What you should do:
When you restate the records, do so word for word and omit any picture they contain.

(Dataset excerpts)
★ ★ ★ ★ ★ ★ ★

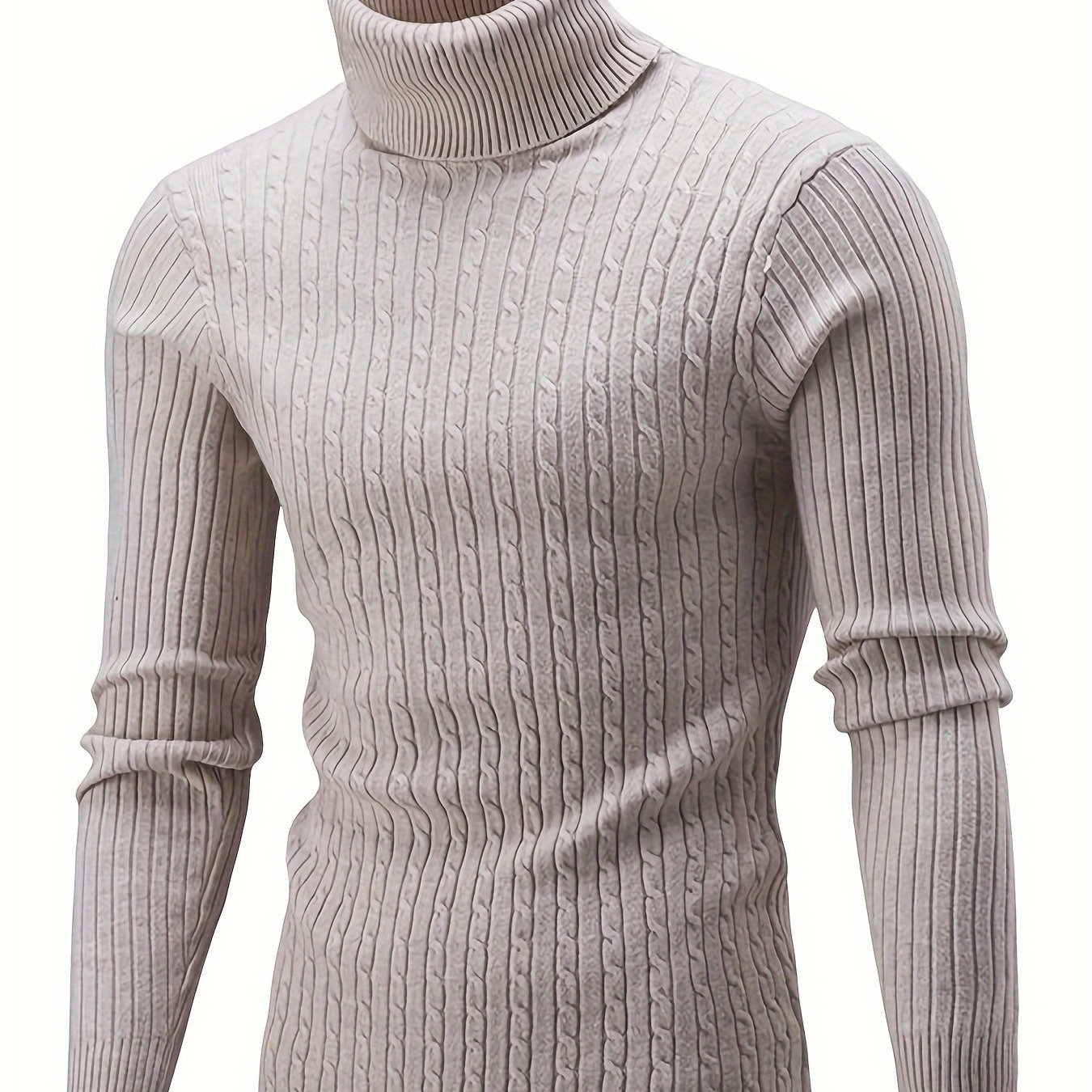 TEMU 남성 가을 겨울 니트 스웨터 하이넥 슬림핏 풀오버 솔리드 컬러
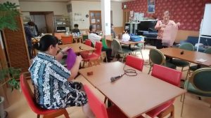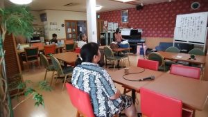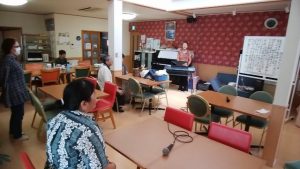 ☆こんにちは。地域活動支援センター(Ⅲ型)すずらんクラブです(西区平島2丁目) 社会福祉法人ジェロントピア新潟が運営しています。 今日は、音楽療法がありました。(すずらんクラブにて) みなさん、ウォーミングアップのあと、楽器演奏をしたり、歌ったりと、楽しく過ごされています。※ここでは、写真だけ紹介します。動画は、「すずらんクラブ動画・写真」へどうぞ。
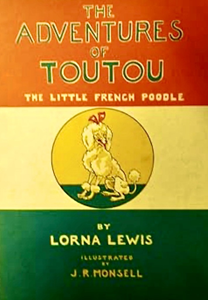 Lewis, Lorna, The Adventures of TouTou the Little French Poodle, illustrated by J.R. Monsell (London: Constable & Co., 1934). 44 pp. TouTou is a Francophone Poodle who is fluent in English and the most likely underlying purpose is to enable small Anglophones to utter a few simple phrases in French.
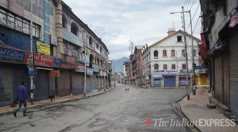 A view of Lalchowk in srinagar.restrictions continue across kashmir valley.Express photo by Shuaib Masoodi
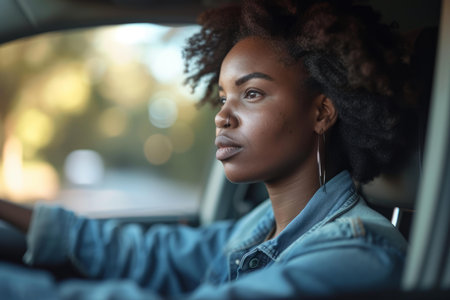 Serene african american woman in denim jacket driving car with thoughtful reflection and focus on safety, journey, and travel, looking forward through the dashboard window in natural light
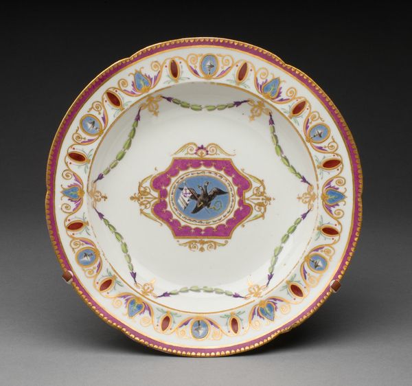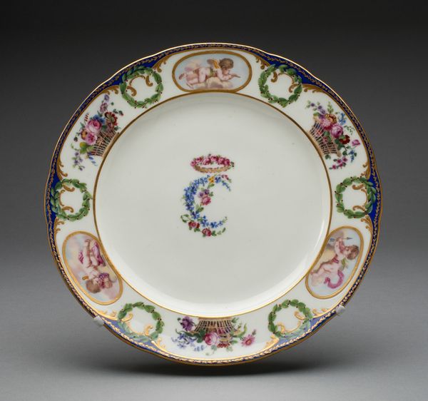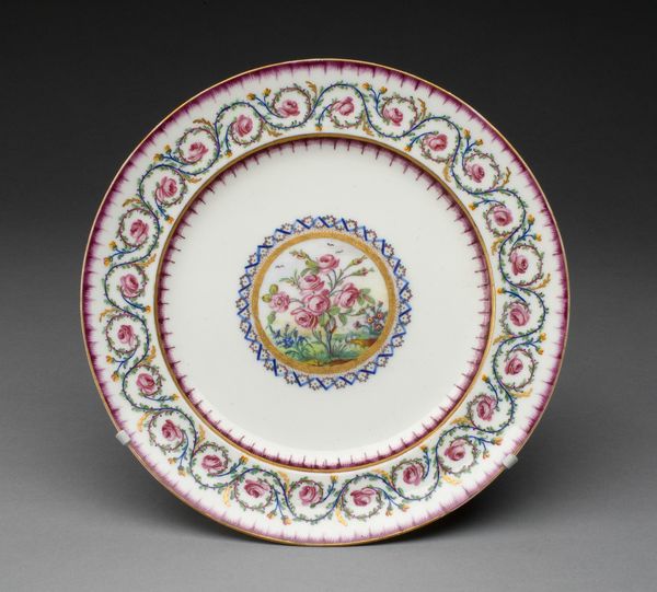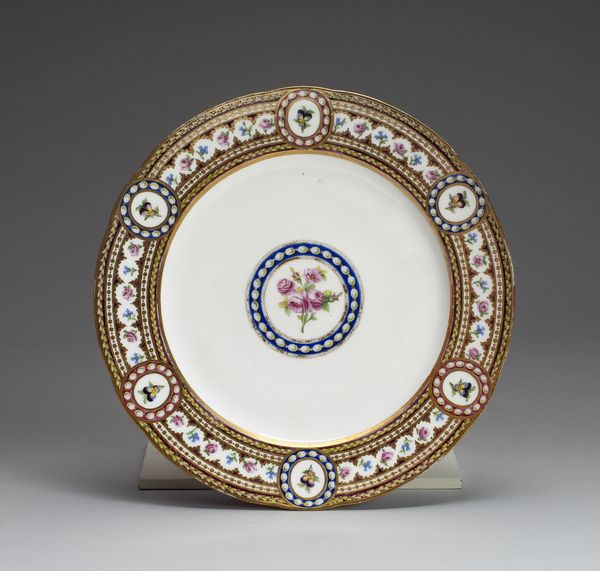 This plate was crafted by the Manufacture nationale de Sèvres. The piece is defined by its concentric composition, where the central rose motif sits within a bold blue circle. The eye is drawn to the interplay between the central rose and the radial symmetry of the border. The border is constructed with a subtle color scheme of soft green bands and red edges, decorated with an elegant arrangement of tiny floral details. The use of symmetry in the design creates balance and harmony. The plate destabilizes established meanings by presenting a utilitarian object as a canvas for meticulous artistry. Its structure is a reflection of a broader cultural engagement with luxury and refinement. The plate invites us to reconsider the categories of art and function, challenging the traditional hierarchy that separates the decorative from the fine arts.

★ ★ ★ ★ ★ ★ ★

Solution:
 TEMU 남성 가을 겨울 니트 스웨터 하이넥 슬림핏 풀오버 솔리드 컬러
 ☆こんにちは。地域活動支援センター(Ⅲ型)すずらんクラブです(西区平島2丁目) 社会福祉法人ジェロントピア新潟が運営しています。 今日は、音楽療法がありました。(すずらんクラブにて) みなさん、ウォーミングアップのあと、楽器演奏をしたり、歌ったりと、楽しく過ごされています。※ここでは、写真だけ紹介します。動画は、「すずらんクラブ動画・写真」へどうぞ。
 Lewis, Lorna, The Adventures of TouTou the Little French Poodle, illustrated by J.R. Monsell (London: Constable & Co., 1934). 44 pp. TouTou is a Francophone Poodle who is fluent in English and the most likely underlying purpose is to enable small Anglophones to utter a few simple phrases in French.
 A view of Lalchowk in srinagar.restrictions continue across kashmir valley.Express photo by Shuaib Masoodi
 Serene african american woman in denim jacket driving car with thoughtful reflection and focus on safety, journey, and travel, looking forward through the dashboard window in natural light
 This plate was crafted by the Manufacture nationale de Sèvres. The piece is defined by its concentric composition, where the central rose motif sits within a bold blue circle. The eye is drawn to the interplay between the central rose and the radial symmetry of the border. The border is constructed with a subtle color scheme of soft green bands and red edges, decorated with an elegant arrangement of tiny floral details. The use of symmetry in the design creates balance and harmony. The plate destabilizes established meanings by presenting a utilitarian object as a canvas for meticulous artistry. Its structure is a reflection of a broader cultural engagement with luxury and refinement. The plate invites us to reconsider the categories of art and function, challenging the traditional hierarchy that separates the decorative from the fine arts.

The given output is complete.